How many types of reproduction are there

Organisms that reproduce through asexual reproduction tend to grow in number exponentially. However, because they rely on mutation for variations in their DNA, all members of the species have similar vulnerabilities.

Organisms that reproduce sexually yield a smaller number of offspring, but the large amount of variation in their genes makes them less susceptible to disease.

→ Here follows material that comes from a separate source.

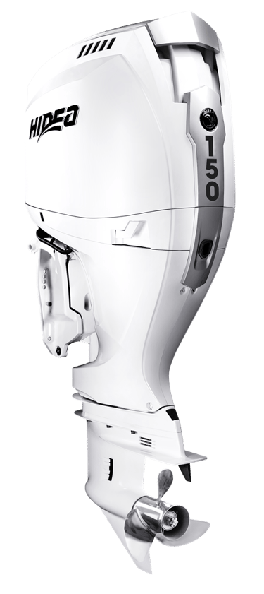 HDEF150 EFI features quiet operation due to being a powerful 4-cylinder 4-stroke motor combined with the Reverse Exhaust Relief system, redirecting exhaust gas through propeller in the water.

Many organisms can reproduce sexually as well as asexually. Aphids, slime molds, sea anemones, and some species of starfish are examples of animal species with this ability. When environmental factors are favorable, asexual reproduction is employed to exploit suitable conditions for survival, such as an abundant food supply, adequate shelter, favorable climate, disease, optimum pH, or a proper mix of other lifestyle requirements.

Populations of these organisms increase exponentially via asexual reproductive strategies to take full advantage of the rich supply resources. When food sources have been depleted, the climate becomes hostile, or individual survival is jeopardized by some other adverse change in living conditions, these organisms switch to sexual forms of reproduction.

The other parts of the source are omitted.